Lunch Like a Lawmaker

The General Assembly Building’s new café is bringing fresh, affordable food downtown.

 

Woe is the plight of the downtown office worker.  Why should a respectable restaurateur set up shop in a part of town that only has foot traffic from 9 a.m. to 5 p.m. Monday through Friday — and after the pandemic and the rise of telework even less so?  Across America high rents and next to no residents often make this country’s downtowns into overpriced food deserts, but such a market failure makes for a perfect moment for the government to intervene.

After years of construction and inconveniences, the General Assembly Building on Broad Street finally opened last month.  Standing at 14 stories tall, featuring the perfectly preserved original 1912 façade, and boasting 414,884 square feet of offices, meeting rooms, and halls for hearings, the commonwealth has much to brag about.

With all eyes on the tunnels connecting to the Capital, the two-story grand atrium painted like a summer sky, and other amenities, however, folks have largely missed the gamechanger to the downtown dining scene that the building’s café represents.  Need one say more than “the only publicly-owned pizza oven in Virginia?”

Folks familiar with Meriwether’s earlier outposts in the Truist building or the kiosk in the Capitol are likely to be blown away by the elegance of the space, the variety of the offerings, and the affordability of the food.
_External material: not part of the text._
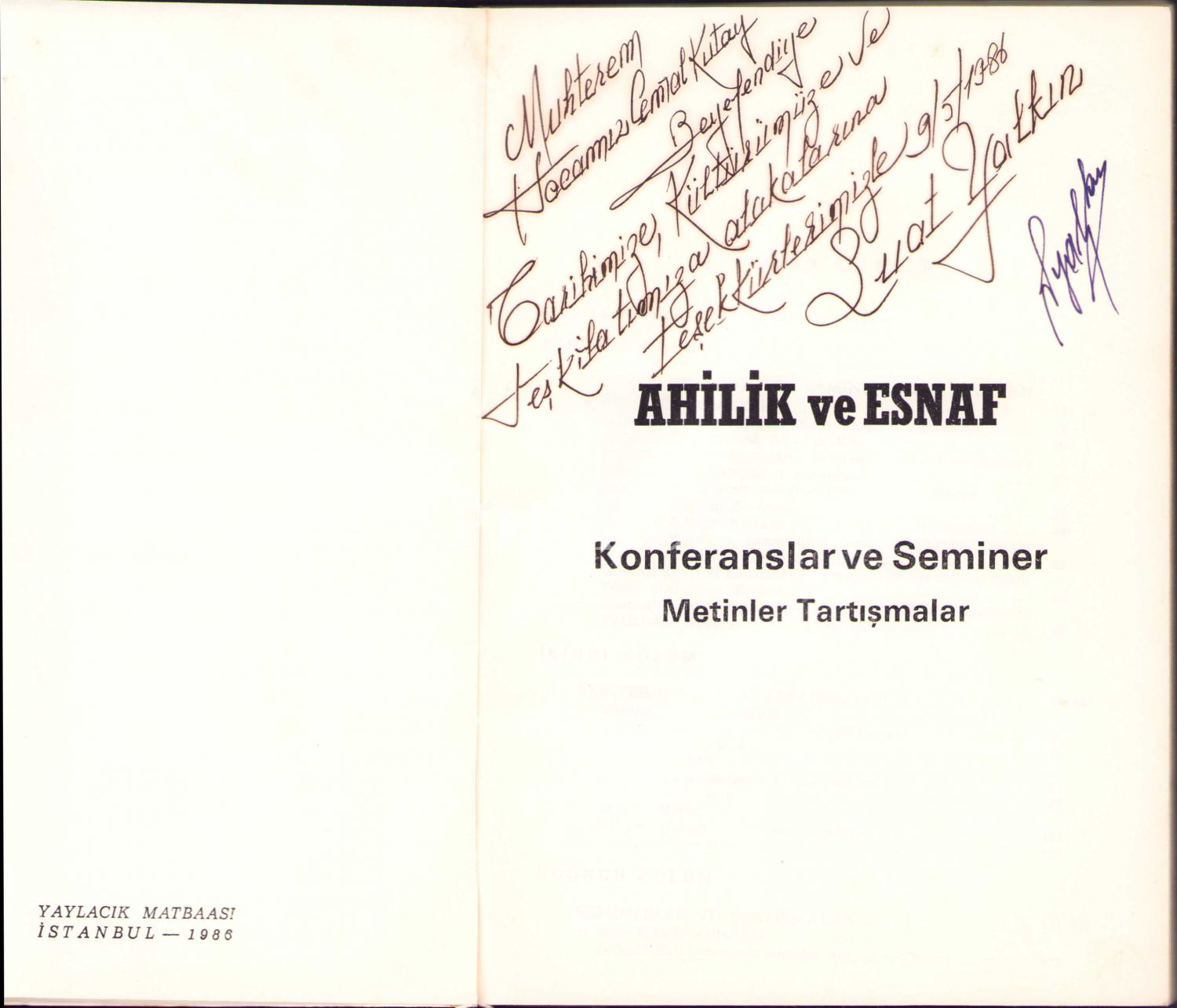 Suat Yalkın'dan Cemal Kutay'a İthaflı ve İmzalı ''Ahilik ve Esnaf'', İstanbul Esnaf ve Sanatkarlar Dernekleri Yayınları: 1, 1986, 203 sayfa, 16x23 cm

Since the General Assembly Building is home to the offices of the commonwealth’s 140 delegates and senators, one must go through a metal detector to access the ground floor café.

Spread across an elegantly neoclassical caféteria are 21 tables of varying sizes with views of the Capitol and its grounds, a statue of George Washington, and a sliver of the skyline.  Customers can place mobile orders for pickup, request their food and drinks via five kiosks in the caféteria, or order directly from the staff manning the half dozen stations.

In a corner by the entrance stands the coffee bar with marble countertops and a display case chock full of baked goods.  All of the coffee is regionally sourced from Chesapeake Coffee Roasters — surely a delight for overworked interns and java fiends long frustrated by surrounding shops’ odd hours and limited offerings. Milkshakes will soon join the menu here as soon as the industrial strength equipment arrives.

Virginians can soon expect lots of schmoozing in this space, according to executive chef Ken Bender.  “This is a space down the road where there will be a lot of special events,” he said.  “All the kiosks, tables, chairs, and coffee bar equipment can be moved for nice events that want to have a bar here.”

Meriwether’s Executive Chef Ken Bender. Photo by Scott Elmquist.

Those just looking for coffee can find the space open from 7:30 a.m. to 3 p.m. Breakfast is served from 7:30 – 10:30 a.m. and lunch from 11 a.m. to 3 p.m.  Dishes rotate daily based on what delicacies Bender can get his hands on for a good price.

Stations include a refrigerated case with grab-and-go items and parfaits, a full salad bar offering build-your-own greens and grains bowls, a grill station featuring everything from burgers to paninis, and a soup selection that varies from chicken corn chowder to sherried shrimp soup. Not to be missed is the “global comfort” station that changes directions daily – hopping from Greek gyros to Thai lettuce wraps, baby back ribs to enchiladas, to chicken piccata within one week.

The true star of the show, however, is the deck oven with four compartments that go up to 650 degrees to get the perfect crisp, crunch and chew on anything Bender’s crew bakes.  Casseroles and breads also get baked here, but pizza is where the team has channeled much of its passion so far. To avoid the waxy texture of much mass-produced pizza, Meriwether’s shreds their own three cheese blend of mozzarella, provolone, and fontina each morning.

“This is the oven of ovens for people who bake nice breads,” Bender says.  “We just want to do the oven justice.”

For now desserts are limited to just cookies, but a menu of housemade sweet treats is on the way as the team ramps up their offerings.  Since Meriwether’s doesn’t pay the state rent, the café is able to keep the vast majority of its meals under $10 including tax.

After serving an average of 600-700 people per day out of the old Truist building for the past 15 years, the upgraded space was long overdue. The team of chefs and servers that make Meriwether’s run seem ecstatic about their new home.

“It’s wonderful here,” Bender says. “As a chef, you sometimes get a brand new piece of equipment but never a brand new beautiful building, so we love this space.”

The General Assembly building is located at 201 N. 9th St. in downtown Richmond.